C'est alors que, dans un éclair, dans une fraction de seconde, je comprends tout. L'attitude du monde entier à mon égard, les yeux éberlués des gens qui s'approchaient de moi. Le déni de mon existence auprès de mes proches, mes parents, mes voisins, mes collègues...
Mais comment ont-ils pu me laisser vivre toute cette vie avec cette chose indicible qui m'accompagne en tout lieu, cette incongruité, cette impossibilité ? Sans rien me dire, sans me faire un signe, sans essayer de m'aider ?
Comment ai-je pu vivre toutes ces années, ces décennies, sans comprendre que ce qui inspirait le dégoût au reste de l'Humanité à mon égard n'était pas directement dû à ma personne, mais émanait d'une chose qui restait toujours cachée à ma vue, dans un angle mort, là où mes yeux n'allaient pas ; dans mon dos ou au-dessus de moi, invisible et pourtant si proche.

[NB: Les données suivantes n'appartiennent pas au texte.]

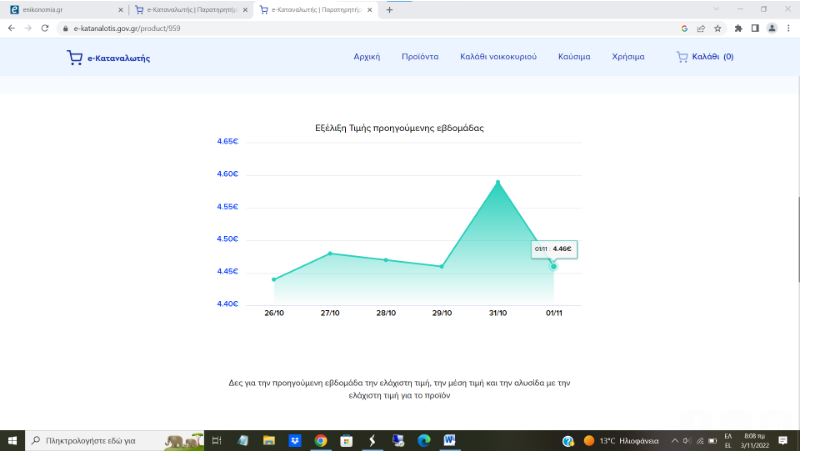 Αυτό τουλάχιστον φαίνεται σε διαγράμματα της ίδιας της πλατφόρμας https://e-katanalotis.gov.gr για το πώς διαμορφώθηκε η μέση τιμή προϊόντων την τελευταία εβδομάδα.

Sitôt vue, elle avait déjà disparu, mais j'étais certain d'avoir enfin eu, dans cet instant fugitif, la réponse à toutes mes questions. Même si elle était apparu dans mon champ de vision pendant un temps infiniment court, j'avais quand même réussi à percevoir toute l'étendue de sa laideur et moi-même enfin j'étais saisi du même dégoût, du même malaise que mes contemporains.
- Il suffit, dis-je. Inutile de te cacher dans mon dos. Je t'ai vu et je sais ce que tu es.
Sans succès.
Les autres le voient et je ne le vois pas.